ABSTRACT
Introduction
Comorbidity of bipolar disorder (BD) and alcohol use disorder (AUD) is very frequent resulting in detrimental outcomes, including increased mortality. Diagnosis of AUD in BD and vice versa is often delayed as symptoms of one disorder mimic and obscure the other one. Evidence for pharmacotherapies for people with comorbid BD and AUD remains limited, and further proof-of-concept studies are urgently needed.
Areas covered
This paper explores the currently available pharmacotherapies for AUD, BD and their usefulness for comorbid BD and AUD. It also covers to some degree the epidemiology, diagnosis, and potential common neurobiological traits of comorbid BD and AUD.
Expert opinion
The authors conclude that more controlled studies are needed before evidence-based guidance can be drawn up for clinician’s use. Since there are no relevant pharmacological interactions, approved medications for AUD can also be used safely in BD. For mood stabilization, lithium should be considered first in adherent persons with BD and comorbid AUD. Alternatives include valproate, lamotrigine, and some atypical antipsychotics, with partial D2/D3 receptor agonism possibly being beneficial in AUD, too.
Article highlights
Alcohol use disorder (AUD) exceeds other comorbidities by far in people with bipolar disorder (BD).

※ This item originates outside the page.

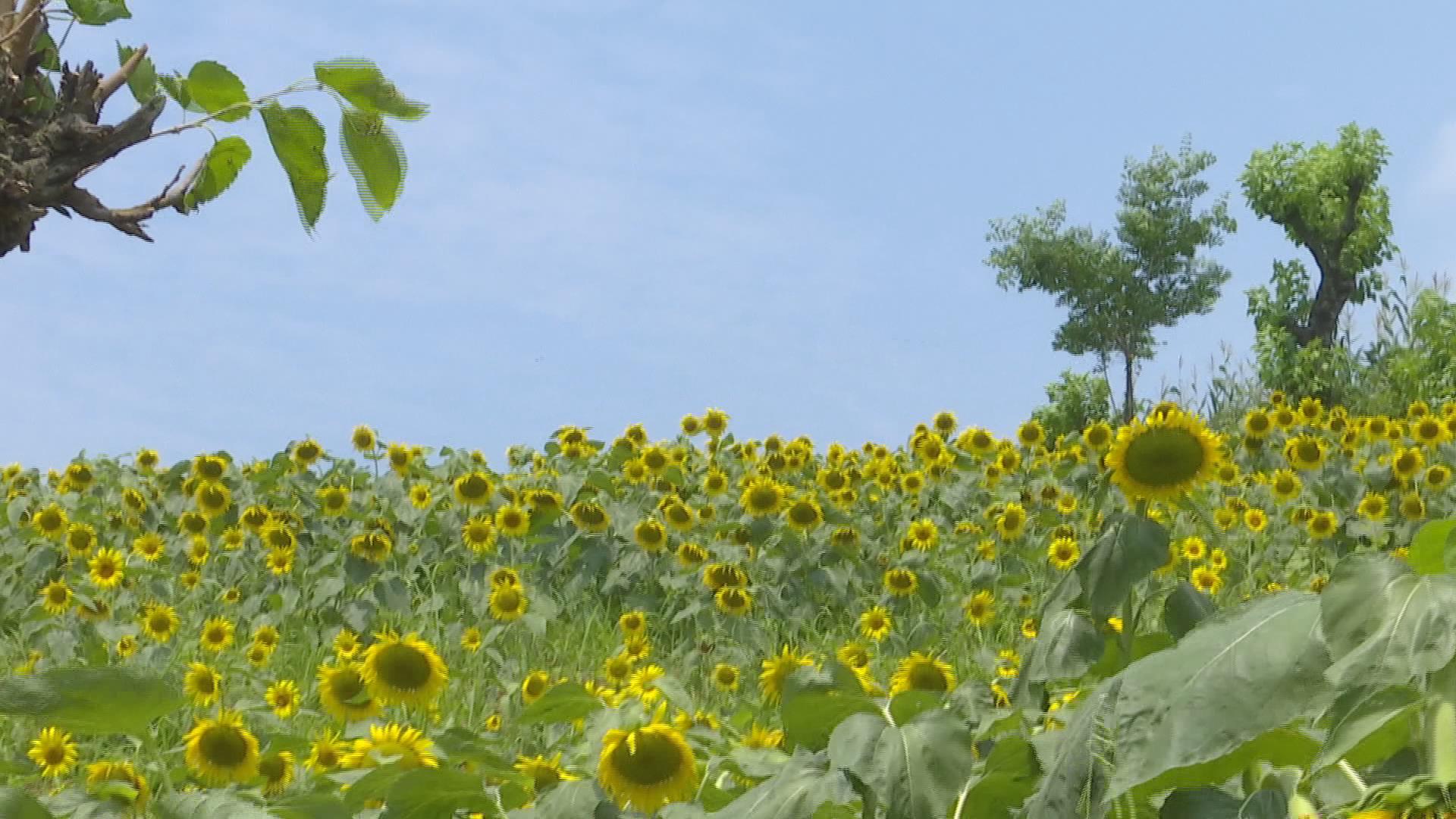 旬阳县甘溪镇甘溪社区今年新发展的55亩油葵迎来了盛开的季节。

Both AUD and BD have devastating consequences for the course of illness, the psychosocial impact, and physical health resulting in excess mortality.
Established treatments, both psychosocial and pharmacological, are available for each distinct disorder; however, the evidence for best treatments of comorbid BD and AUD is still scarce, especially for pharmacotherapies.
For the time being and until better evidence has been generated, clinical wisdom and practice tells to treat AUD and BD independently rather than trying to find a “one fits all purposes” medication.
Disclosure statement
Over the past 36 months, H Grunze has received grants/research support, consultancy fees and honoraria from Janssen- Cilag, Sanofi and Servier. Meanwhile, over the same period, M Soyka has worked as a consultant for and/or has received grants from Indivior, Lundbeck, Camurus and Mepha Pharma AG. The authors have no other relevant affiliations or financial involvement with any organization or entity with a financial interest in or financial conflict with the subject matter or materials discussed in the manuscript apart from those disclosed.
Reviewer disclosures
Peer reviewers on this manuscript have no relevant financial or other relationships to disclose.